Down-regulation of ANGPTL4 in BAT upon sustained cold exposure affects plasma TG levels.

(A) Schematic representation of cold exposure experiment with Angptl4-/-, wild-type and Angptl4-Tg mice. (B) Haematoxylin & Eosin staining on BAT sections (5 μm) of Angptl4-/-, wild-type and Angptl4-Tg mice exposed to 4°C or 28°C for 10 days. (C) Food intake of Angptl4-/-, wild-type and Angptl4-Tg mice exposed to 4°C for 10 days. (D) Weight gain of Angptl4-/-, wild-type and Angptl4-Tg mice exposed to 4°C during 10 days. (E) BAT and WAT tissue weights and (F) body temperature of Angptl4-/-, wild-type and Angptl4-Tg mice exposed to 4°C or 28°C for 10 days. (G) Elovl3 and Ucp1 mRNA expression levels of Angptl4-/-, wild-type and Angptl4-Tg mice exposed to 4°C or 28°C for 10 days. (H) Plasma glucose, (I) plasma free fatty acids, and (J) plasma glycerol levels of Angptl4-/-, wild-type and Angptl4-Tg mice exposed to 4°C or 28°C for 10 days. (K) Glycerol levels in medium of differentiated primary white adipocytes from Angptl4-/-, wild-type and Angptl4-Tg mice, serum-starved and treated with 10 μM isoproterenol for 3 hr. (J) plasma TG levels of Angptl4-/-, wild-type and Angptl4-Tg mice exposed to 4°C or 28°C for 10 days. (K) Fast protein liquid chromatography (FPLC) on pooled plasma samples of Angptl4-/-, wild-type and Angptl4-Tg mice exposed to 4°C for 10 days, followed by analysis of TG levels in all fractions. *Statistically significant compared to mice of equal genotype at 28°C or between groups as indicated by bars according to two-way ANOVA followed by a post-hoc Tukey HSD test (p<0.05). Error bars represent ± SEM. n = 8–10 mice per group.

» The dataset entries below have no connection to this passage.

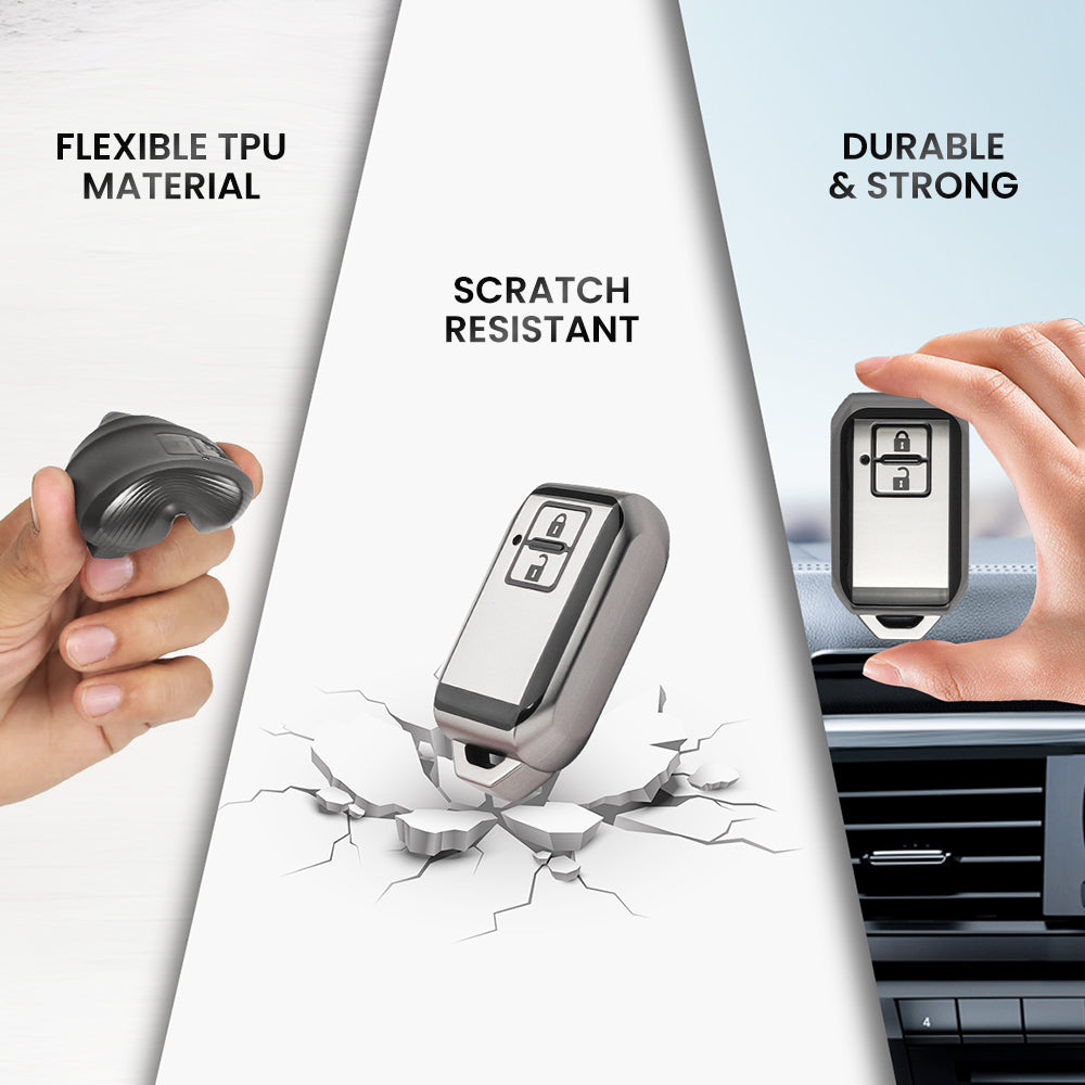 Keyzone® TPU Key Cover Compatible for Victoris, Jimny, Fronx, Baleno, Grand Vitara, Brezza, Swift, Ertiga, XL6, DZire, Ignis 2 Button Smart Key (GMTP05)
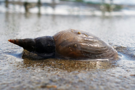 A water snail on a sandy shore
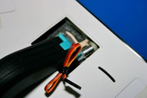 Also die mit uhu endfest 300 in die Zahnkranzaufnahme geklebte Welle in die Rudertasche eingefädelt und das Servo aufgesteckt. Nach ein paar Ruderbewegungen lag die Servoposition fest und wurde mit Bleistift markiert. Dann Servorahmen wieder raus, das Servo mit Grundierwachs einbalsamiert, damit Klebereste nicht daran festkleben und den Servorahmen sparsam mit endfest 300 benetzt. Wieder zurück damit in den Servoschacht, Servo aufstecken und Rahmen an der Markierung positionieren und festhalten. Testweise Ruderbewegungen bestätigten die Servoposition die sogleich mit einer großen Leimzwinge fixiert wurde (Stryopor auf der Gegenseite zur Verhinderung von Druckstellen natürlich nicht vergessen). Die überstehenden Harzreste am Rand des Servorahmen verteilen, damit eine gute Verklebung gewährleistet ist. Letzter Test ob mit dem Servotester der Ausschlag stimmt und alles sauber läuft. Das Ganze wurde über Nacht zum aushärten so belassen.
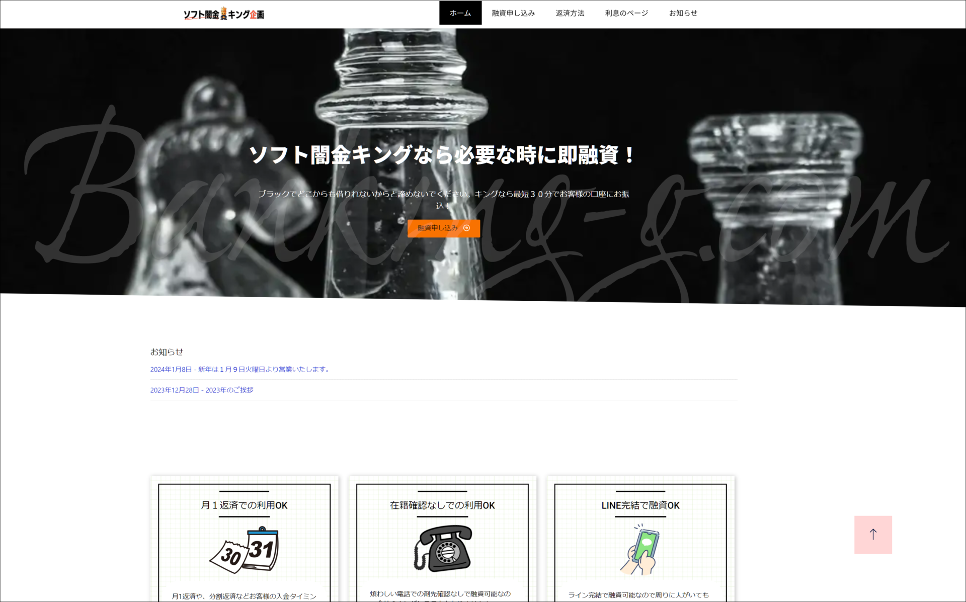 ソフト闇金キング企画はホームページ上で嘘ばかり並べ立てている危険業者です。そもそもからして、キング企画は違法なことをすると公言して開き直っている危険業者なので、絶対に手を出さないように気をつけてください。
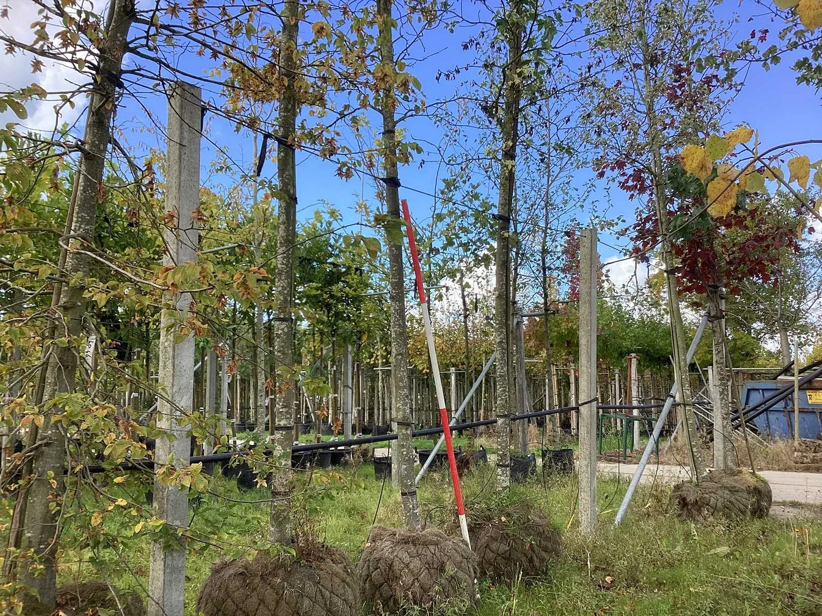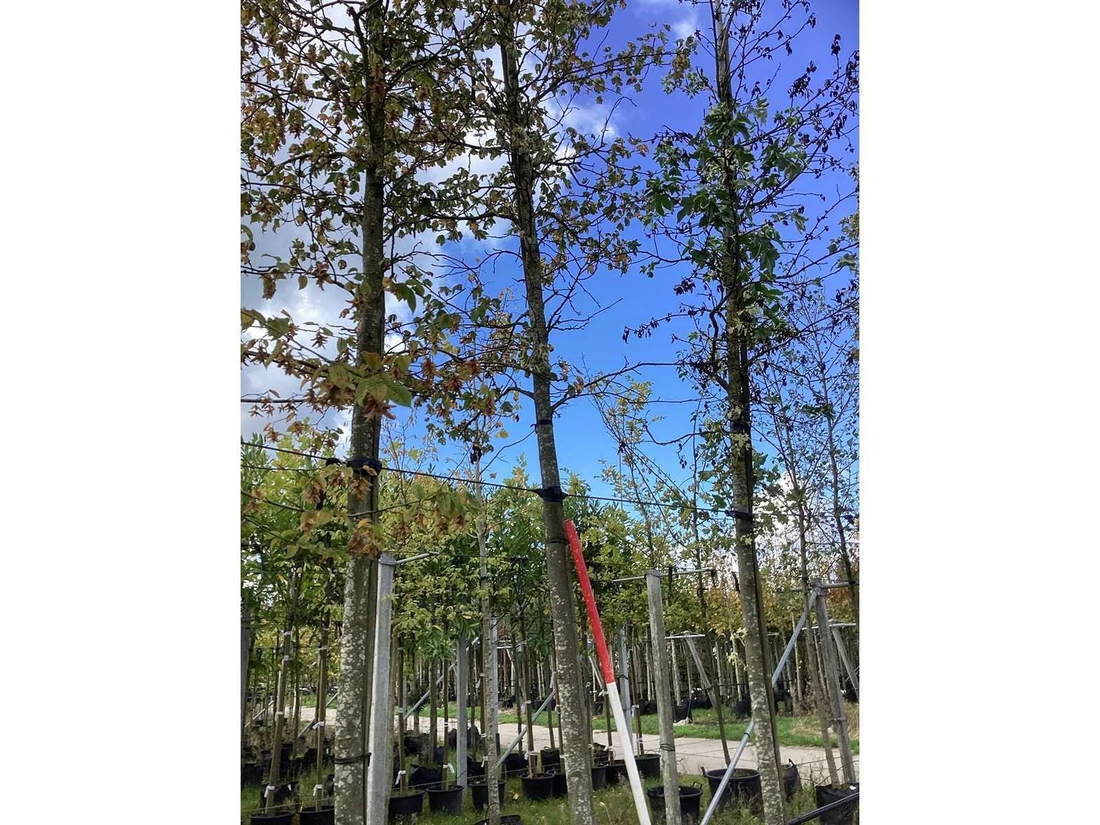 De kavels worden door ons verzameld en klaargelegd voor transport; Wilt u gebruik maken van de bezorgservice neem dan contact op via het emailadres info@groviatrees.com. Type: Bont bladerige Amberboom Latijnse benaming: Liquadambar Silver King Met kluit: true Stamdikte: 19cm
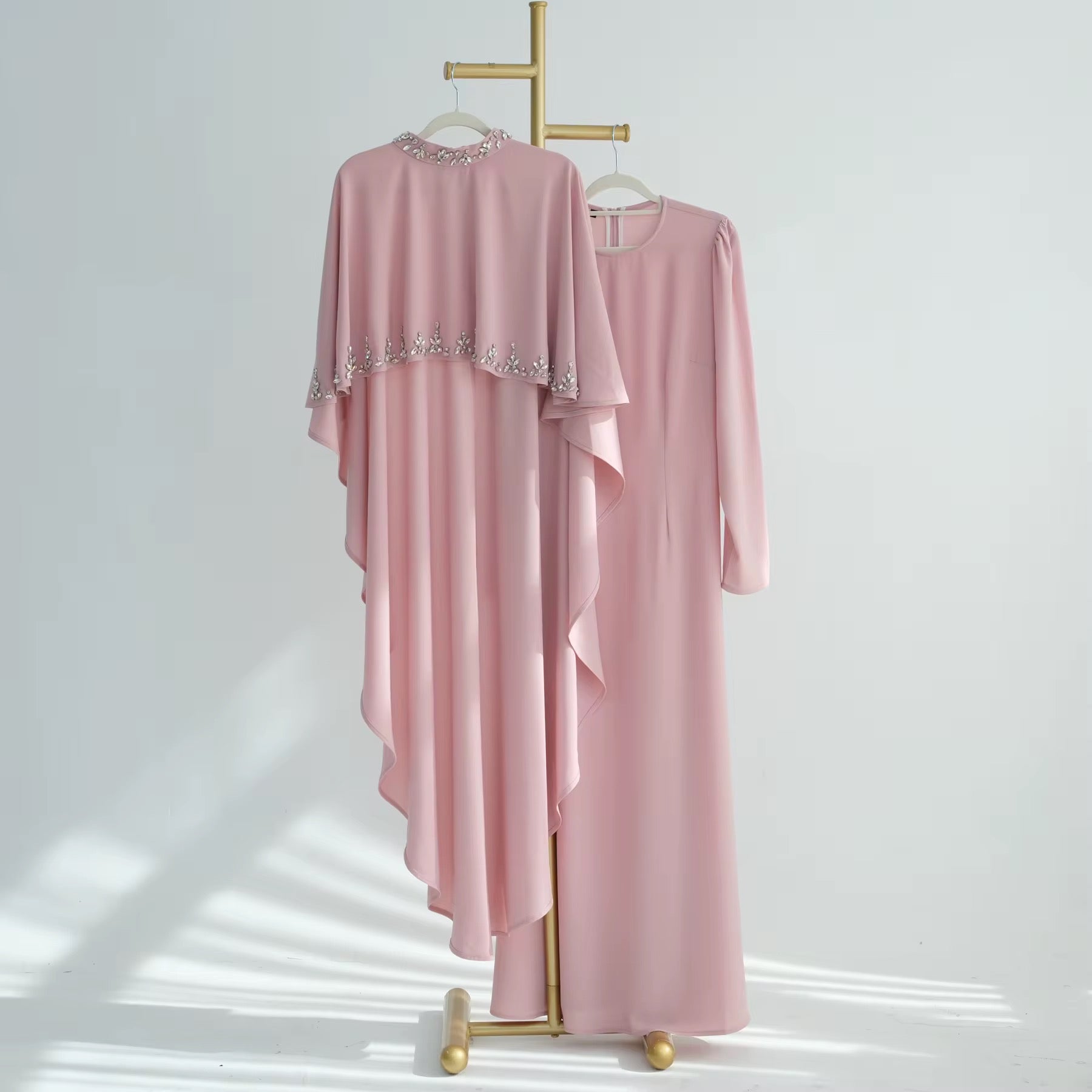 Step into timeless elegance with the Starry Night Cape Dress Set. Featuring a graceful cape silhouette and delicate gem embellishments, this elegant dress blends modern refinement with modest charm. The cape fabric flows effortlessly, and the added cinch creates a flattering silhoutte while adding a regal touch to any look. Ideal for special occasions or elevated everyday wear, the Starry Night Cape Abaya makes a statement without saying a word. Dress it up with heels or style it simply—its versatility is matched only by its sophistication.
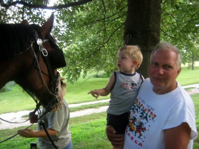 The new neighbors from up the road raise Clydesdale horses and have a replica of a Conestoga wagon. They were giving rides all afternoon.
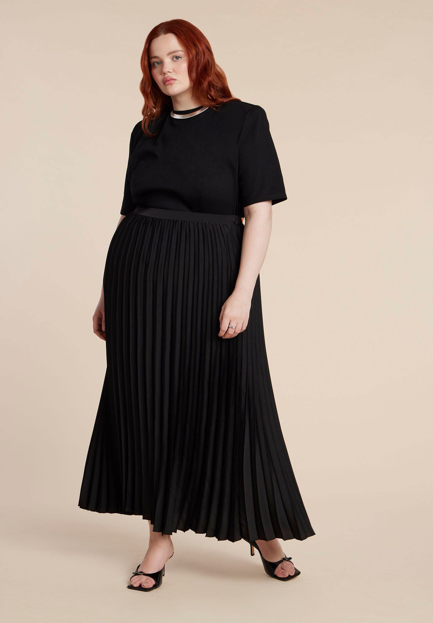 Plus Size Women's Pleated Maxi Satin Skirt by ELOQUII in Black Onyx (Size 22)
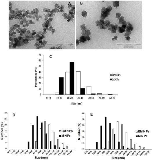 TEM images of MNPs (A) and BMNPs (B) (Scale bar = 200 nm.). (C) Size distribution of MNPs and BMNPs according to TEM analysis. Size distribution according to DLS data of BMNPs and MNPS resuspended in PBS pH 7.4 (D) and cell culture medium (E). All the DLS measurements were performed in triplicate.
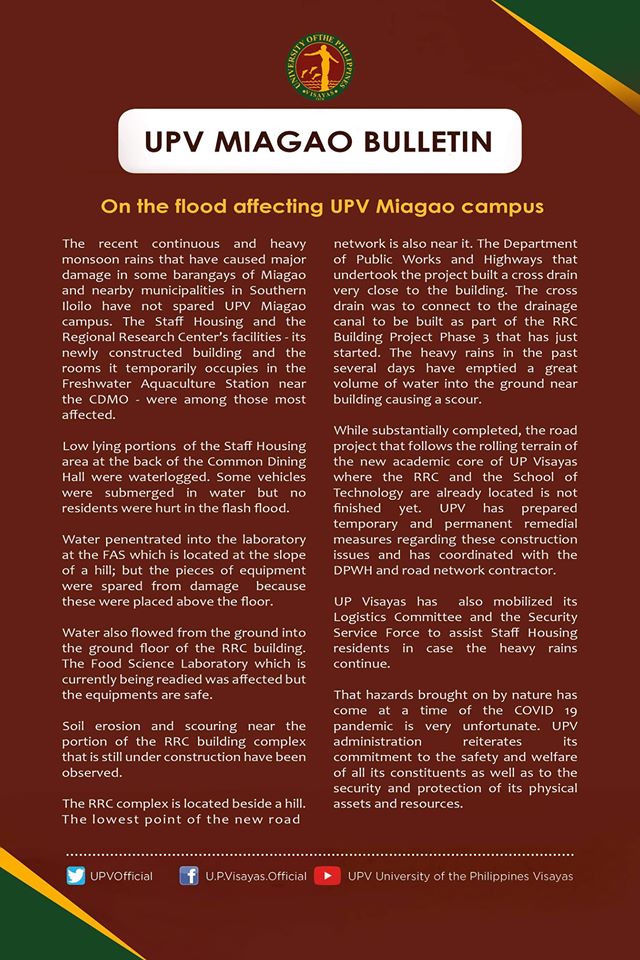That hazards brought on by nature has come at a time of the COVID 19 pandemic is very unfortunate. UPV administration reiterates its commitment to the safety and welfare of all its constituents as well as to the security and protection of its physical assets and resources.
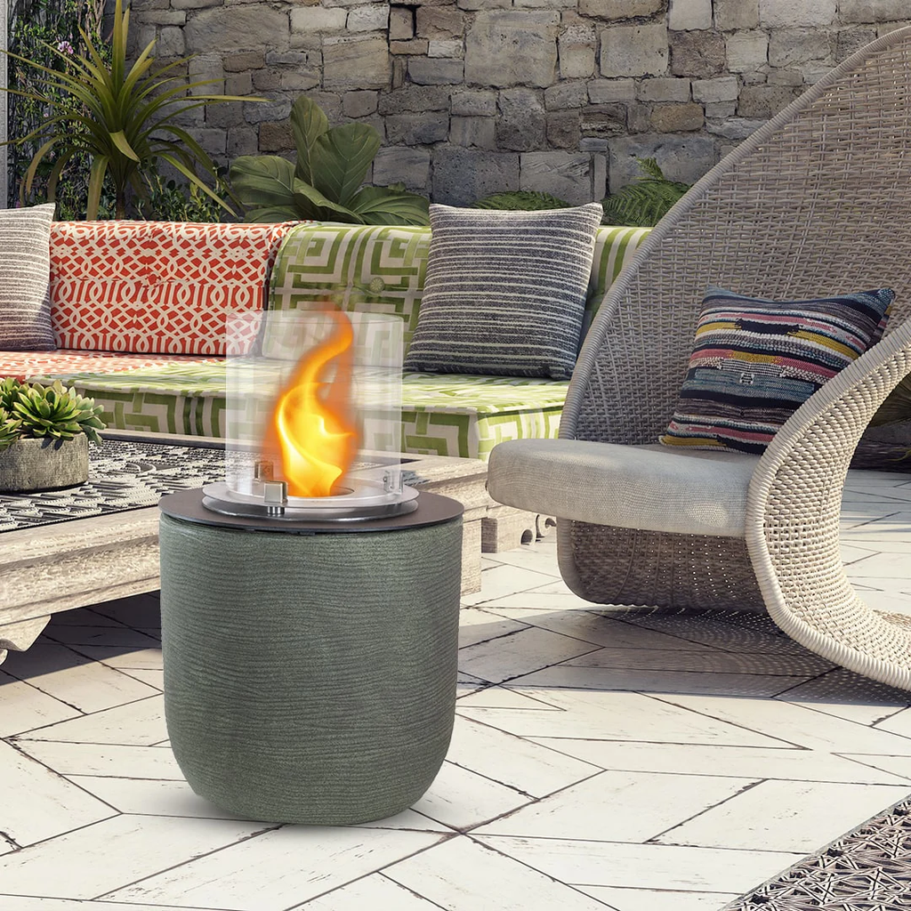 Camino a Bioetanolo Braciere da Pavimento Ø35 x h55 cm per Interno ed Esterno Raffaello Verde Salvia
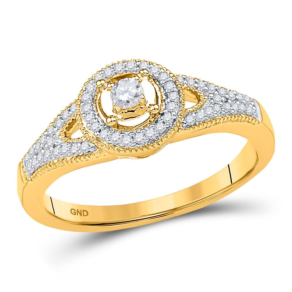 10kt Yellow Gold Womens Round Diamond Encircled Solitaire Milgrain Promise Bridal Ring 1/4 Cttw
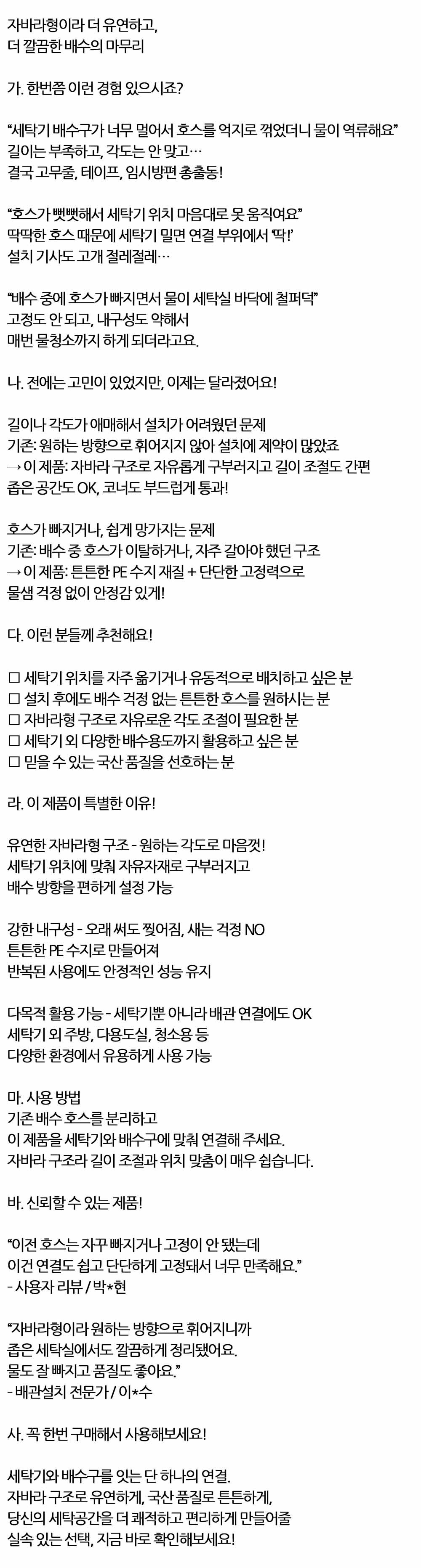 물도 잘 빠지고 품질도 좋아요 세탁기 배수호스 소
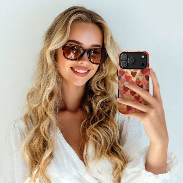 An array of hearts in coordinating reds and shimmering golds creates a playful, painterly feel, radiating love and passion with a touch of elegance.
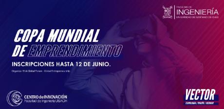 La pre-incubadora de emprendimientos de base científica-tecnológica del Centro de Innovación de la Facultad de Ingeniería de la Universidad de Santiago de Chile, Vector, invita a todos los alumnos de la USACH a participar de la próxima edición de la Entrepreneurship World Cup (EWC), evento que reúne a más de 100 países a lo largo del mundo y busca brindar herramientas, recursos y oportunidades de desarrollo a emprendedores que tengan iniciativas innovadoras.

https://doi.org/10.7554/eLife.08428.004

Following cold exposure, the energy requirements of BAT increase dramatically. Two major fuel sources for BAT are plasma glucose and free fatty acids, both of which were unaltered by cold and Angptl4 genotype (Figure 2H,I). Also, plasma glycerol, which is perhaps a better indicator of adipose tissue lipolysis than free fatty acids, was not different between the three genotypes (Figure 2J). Additionally, ex vivo treatment of differentiated primary white adipocytes with the non-selective β-adrenergic receptor agonist isoproterenol indicated a lack of effect of Angptl4 genotype on adipose tissue lipolysis (Figure 2K). Besides glucose and free fatty acids, circulating TG represent a major fuel for BAT during cold (Cannon and Nedergaard, 2004). Based on the marked decrease in Angptl4 mRNA levels in BAT upon prolonged cold exposure, we hypothesized that ANGPTL4 might play a role in the metabolism of circulating TG in BAT during cold. In line with this notion, the reduction in plasma TG visible in wild-type and Angptl4-/- mice in response to cold was greatly attenuated in Angptl4-Tg mice (Figure 2L). Lipoprotein profiling by fast protein liquid chromatography (FPLC) supported markedly augmented plasma TRL levels in cold-exposed Angptl4-Tg mice (Figure 2M).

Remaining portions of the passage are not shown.